Leider kennen es viele Frauen nur allzu gut. Das Hinterherrufen sowie Nachpfeifen in der Öffentlichkeit durch Männer ist keine Erfindung von Hollywood, sondern traurige Realität. Der Begriff "Catcall" beschreibt demnach anzügliche Sprüche, Pfiffe und Rufe, die Frauen auf der Straße zu hören bekommen. Dabei kommt es laut Frauenrechtsorganisationen nicht nur auf den oft sexuell aufgeladenen Inhalt an, sondern auch auf den Kontext. Nachts auf einer menschenleeren Straße könne auch ein "Kompliment" von einem Unbekannten beängstigend sein. 

Daher ist die Forderung nach der Kriminalisierung des Catcallings schon seit Jahren eine laute - die nun in Großbritannien auf Gehör stoßt, so scheint es. Im Zuge einer Überprüfung der britischen Gesetze zu Hasskriminalität durch die Rechtskommission, wird die Regierung voraussichtlich dazu aufgefordert werden, diese Form der verbalen sexuellen Belästigung künftig zu verbieten. Kurzum: Catcalling könnte eine Straftat werden.

Vor drei Jahren gab der damalige Innen- und aktuelle Gesundheitsminister Sajid Javid die Überprüfung der Gesetze in Auftrag, kommende Woche sollen die Ergebnisse vorliegen. Es wird erwartet, dass die Rechtskommission, die Empfehlungen für Gesetzesänderungen ausspricht, sich dann auch für die einen neuen Straftatbestand der sexuellen Belästigung in der Öffentlichkeit ausspricht. Anzügliche Bemerkungen, sexuelles Bedrängen in öffentlichen Verkehrsmitteln, jemanden in die Enge treiben, Anmachen und andauernde sexuelle Annäherungsversuche könnten laut dem britischen Guardian unter die Gesetzesänderung fallen.

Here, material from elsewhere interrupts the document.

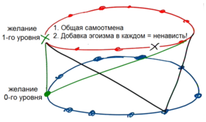Если каждый отменяет себя, то мы начинаем подниматься, получаем добавочный эгоизм. Допустим мы были вместе и достигли некой связи, от которой каждый получил какую-то силу, позволяющую ему отменить себя перед товарищами.
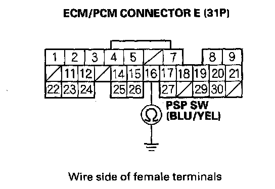 20. Connect PSP switch 2P connector terminal No.1 to body ground with a jumper wire.

Die Anwältin Charlotte Proudman arbeitete schon die vergangenen drei Jahre an einem entsprechenden Gesetzesentwurf: "Das sind die BESTEN Nachrichten", schreibt sie auf Twitter. "Die Rechtskommission hat heute bekannt gegeben, dass sie uns unterstützt. [...] Das wird so viele Mädchen und Frauen schützen." Von der britischen Regierung hieß es, man werde darauf reagieren, sobald die Empfehlungen veröffentlicht sind.